Task ▸ The answer must be an exact transcription of the lines below from the first through the one containing "The largest blade", with the pictures left out; please add nothing else.

-- Opening Marker --

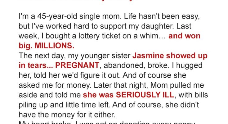 The same day I won the lottery, my sister showed up crying, and my mom landed in the hospital. By dinner, I realized none of it was a coincidence—and someone was playing me.I lived a simple life. I woke up at six, packed lunches, dropped my daughter off at school, worked all day, came home, cooked dinner, checked homework, and slept. Repeated.No surprises, no drama. Just steady, honest days. My daughter was my whole world. Every choice I made was for her.
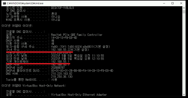 5. 명령을 실행하면 위와 같이 정보가 나옵니다.
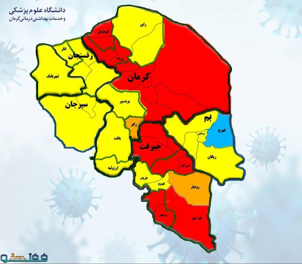 براساس این گزارش در هفته گذشته فقط شهرستان های جیرفت و منوجان در وضعیت قرمز قرار داشتند اما براساس نقشه جدید کرونایی کشور در هفته جاری (۲۵ تیرماه) شهرستان های کوهبنان، زرند، عنبرآباد، کرمان و قلعه گنج نیز به آنها پیوسته و قرمز شده اند ضمن آنکه شهرستان رابر وضعیت نارنجی هفته قبل خود را همچنان حفظ کرده است و شهرستان رودبار جنوب که در هفته قبل در وضعیت زرد کرونایی قرار داشت نیز به نارنجی تغییر رنگ داده است.
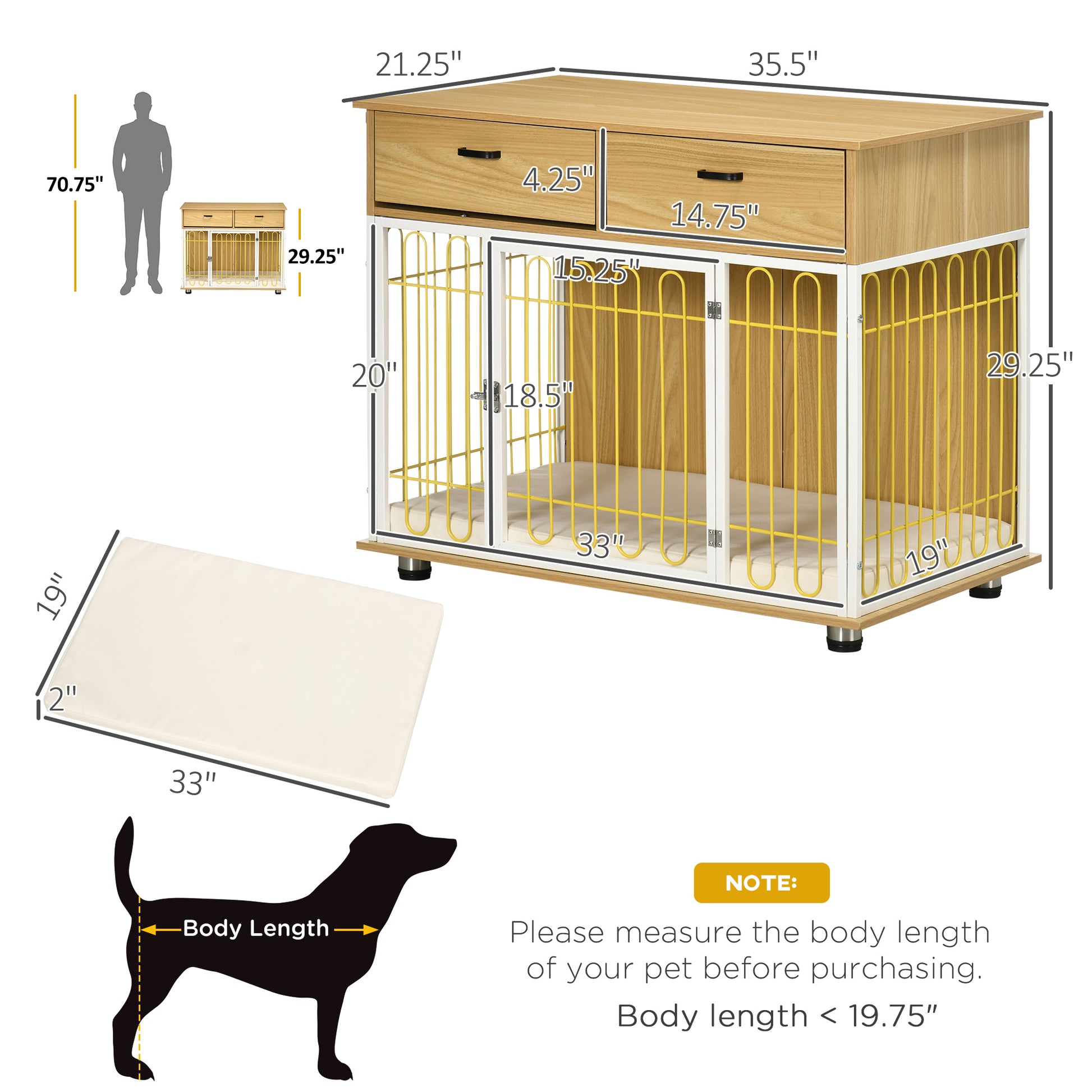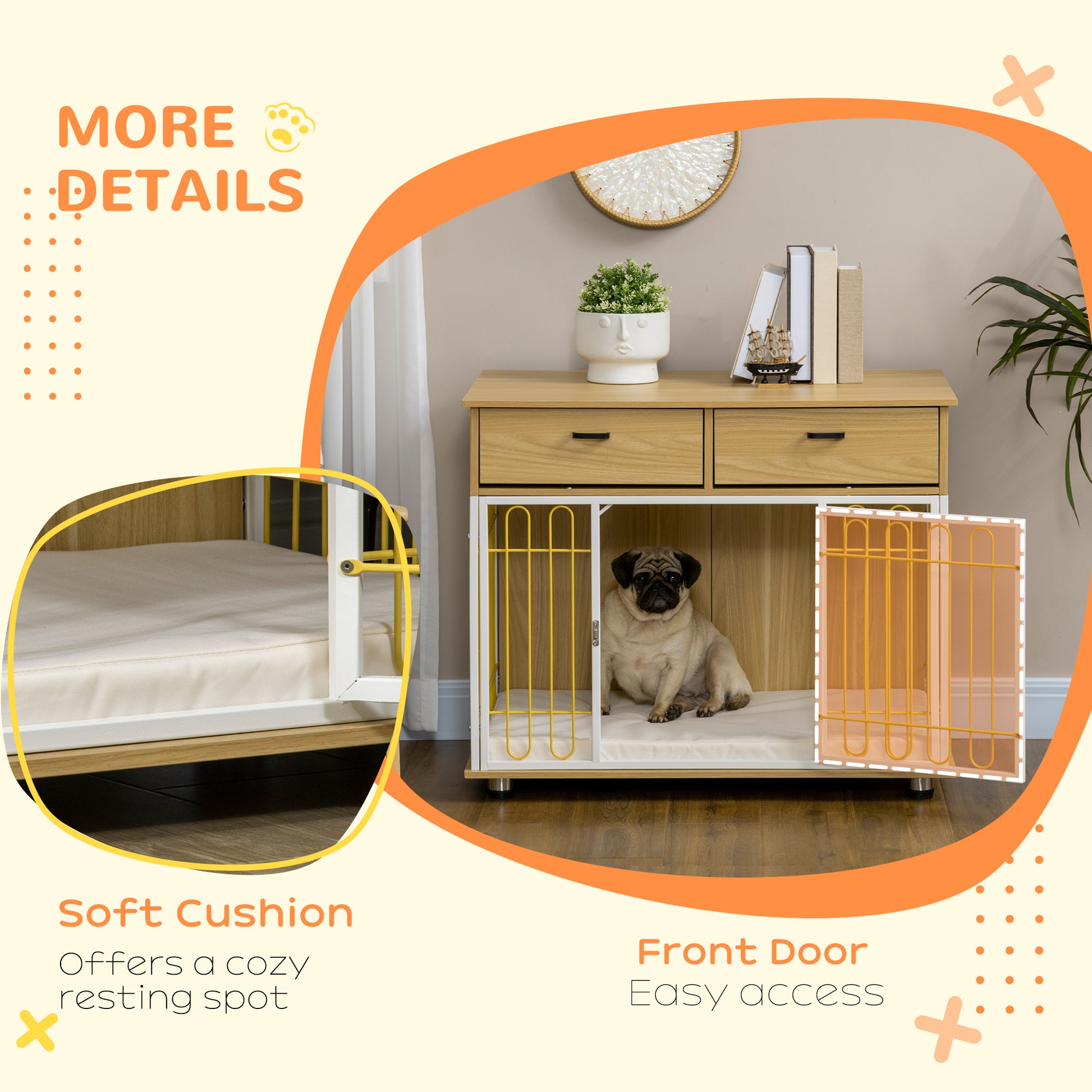 PawHut Dog Crate with Drawers, Soft Cushion, Lockable Door, for Small and Medium Dogs, Oak
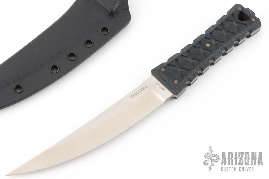 The largest blade in our Shobu Zukuri series, with the same classic grind for excellent lateral strength and cutting ability. This full sized knife is designed for maximum utility in an easily carryable size. Featuring industry leading MagnaCut stainless steel, for best in class toughness and edge retention, and double black canvas micarta handle scales with brass pins. We produced this blade with TRC Knives because of their reputation for outstanding craftsmanship and attention to detail. The SZT 003 is a knife made for hard use, but with the refinement of a collector’s piece. This is an individually numbered batch of 125 pieces.
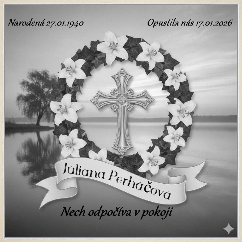 Smútiaca rodina so zármutkom oznamuje že vo veku 86 rokov zomrela mamka a milovaná učiteľka  Júliana Perháčová z Rehoľnej ulice. Posledná rozlúčka so zosnulou bude v piatok 23.01.2026 o 12:30 v Obradnej sieni na Verejnom cintoríne, Rastislavovej ulici v Košiciach. Česť jej pamiatke.
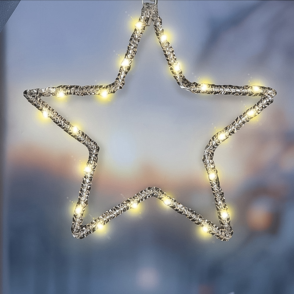 Illuminate your holiday season with the Xmas Haus LED Warm White Hanging Star. Featuring an intricate star design, this enchanting decoration is adorned with 20 delicate micro LEDs, casting a soft and inviting glow. With a generous 50cm lead and battery-operated timer function, decorating has never been easier. Hang them effortlessly indoors or outdoors on porches, brackets, ceilings, trees, bushes, or windows to infuse your space with festive charm. These elegant pieces are sure to add a touch of magic to your holiday decor.

-- Closing Marker --

Written answer ▸
 The same day I won the lottery, my sister showed up crying, and my mom landed in the hospital. By dinner, I realized none of it was a coincidence—and someone was playing me.I lived a simple life. I woke up at six, packed lunches, dropped my daughter off at school, worked all day, came home, cooked dinner, checked homework, and slept. Repeated.No surprises, no drama. Just steady, honest days. My daughter was my whole world. Every choice I made was for her.
 5. 명령을 실행하면 위와 같이 정보가 나옵니다.
 براساس این گزارش در هفته گذشته فقط شهرستان های جیرفت و منوجان در وضعیت قرمز قرار داشتند اما براساس نقشه جدید کرونایی کشور در هفته جاری (۲۵ تیرماه) شهرستان های کوهبنان، زرند، عنبرآباد، کرمان و قلعه گنج نیز به آنها پیوسته و قرمز شده اند ضمن آنکه شهرستان رابر وضعیت نارنجی هفته قبل خود را همچنان حفظ کرده است و شهرستان رودبار جنوب که در هفته قبل در وضعیت زرد کرونایی قرار داشت نیز به نارنجی تغییر رنگ داده است.
 PawHut Dog Crate with Drawers, Soft Cushion, Lockable Door, for Small and Medium Dogs, Oak
 The largest blade in our Shobu Zukuri series, with the same classic grind for excellent lateral strength and cutting ability. This full sized knife is designed for maximum utility in an easily carryable size. Featuring industry leading MagnaCut stainless steel, for best in class toughness and edge retention, and double black canvas micarta handle scales with brass pins. We produced this blade with TRC Knives because of their reputation for outstanding craftsmanship and attention to detail. The SZT 003 is a knife made for hard use, but with the refinement of a collector’s piece. This is an individually numbered batch of 125 pieces.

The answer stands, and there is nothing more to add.